JCS02551 Supplementary Material

Files in this Data Supplement:

• Supplemental Figure 1 - Fig.S1. TIRF illumination can distinguish between dorsal and ventral surfaces of the lamellipodium. (a and b) Fixed keratocytes were incubated with 0,17 mm fluorescent beads and imaged using TIRF, epi-fluorescence, and DIC. After RGB colour combination of the three images, beads imaged by both TIRF and epi appear white whereas beads imaged by epi only appear red.

• Movie 1 - Movie 1. Keratocyte motility is both rapid and persistent. The lamellipodium remains flat on the substrate at all times. Cell body transport matches the rate of leading edge protrusion so that cells appear to glide over the substrate.

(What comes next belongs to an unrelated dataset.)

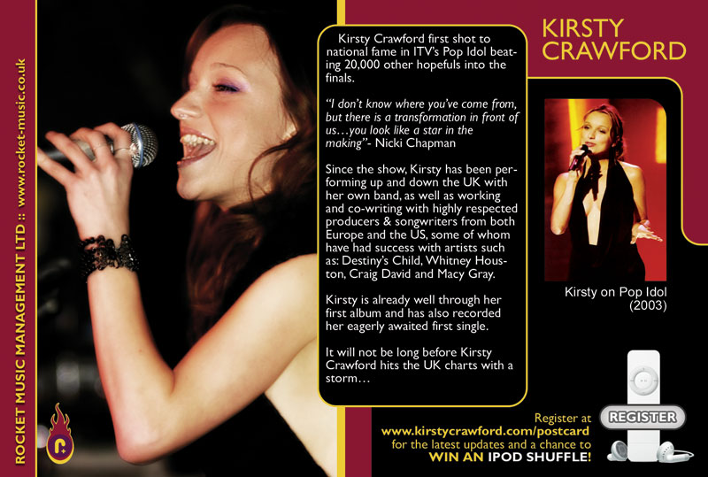 These postcard designs were designed to promote Kirsty Crawford at a series of 18 live venues across the UK as part of a full UK tour.
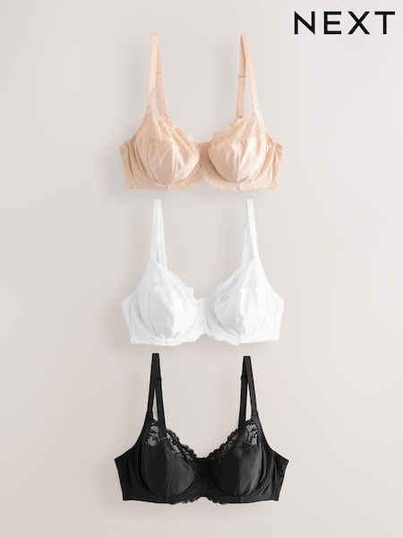 Black/White/Almond Nude DD+ Non Pad Full Cup Bras 3 Pack

• Movie 2 - Movie 2. Lateral diffusion of DiIC12 is blocked at the leading edge. Epi-fluorescent images (upper left) show the spread of dye in the dorsal and ventral plasma membranes. TIRF images (upper right) show the spread of dye in the ventral membrane only. Merged image (lower left) shows epi in green and TIRF in red. Intensity scan (lower right) through the horizontal blue line graphically represents dye spreading. Dye reaches the leading edge via the dorsal surface at 11.29 seconds, but does spread to the ventral surface. Dye reaches the leading edge via the ventral surface at 17.71 seconds. Note that in sequential TIRF images, dye always fills from the back of the cell toward the front; the leading edge never becomes brighter than the lamellipodium interior. For each image pair the TIRF image preceded the epi image by 750 milliseconds.

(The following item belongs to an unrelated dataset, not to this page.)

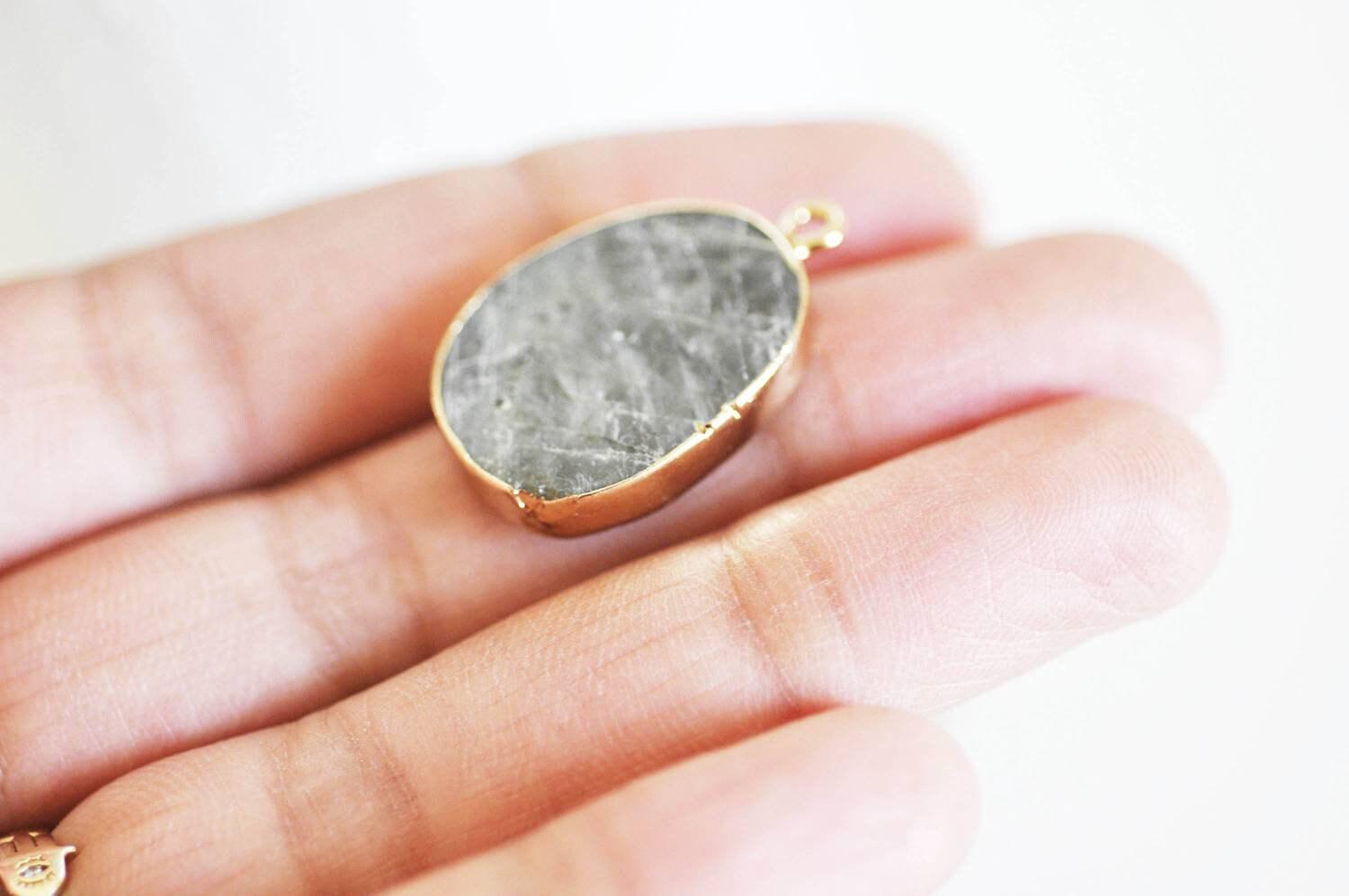 Colgante ovalado de labradorita natural EP de 28 mm, x1 (G1136)

• Movie 3 - Movie 3. Dye accumulation at the leading edge on the dorsal cell surface. Same sequence as SupVid-02 shown here at full time resolution (1.5 frame/second) between 8 and 34 seconds.

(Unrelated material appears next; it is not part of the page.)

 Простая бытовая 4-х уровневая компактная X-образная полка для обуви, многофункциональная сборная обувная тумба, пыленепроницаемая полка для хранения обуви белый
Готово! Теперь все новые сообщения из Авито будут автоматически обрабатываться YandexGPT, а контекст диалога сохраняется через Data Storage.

• Movie 4 - Movie 4. Keratocyte immobilized by CA treatment exhibiting centripetal flow within the lamellipodium.

• Movie 5 - Movie 5. Lateral diffusion of DiIC12 is not blocked at the leading edge of CA/CB treated cells. Panel arrangement same as SupVid-02. Dye reaches leading edge via dorsal surface at 8.51 seconds. At 10.62 seconds (next frame) dye appears at leading edge on the ventral surface. The double peak intensity profile clearly indicates that dye has spread from the dorsal to ventral cell membrane at both the front and back of the cell.

• Movie 6 - Movie 6. Epi-fluorescent time series of motile keratocyte homogenously labeled with Alexa-488 conjugated cholera toxin. There is no enrichment of the lipid ordered phase marker at the leading edge.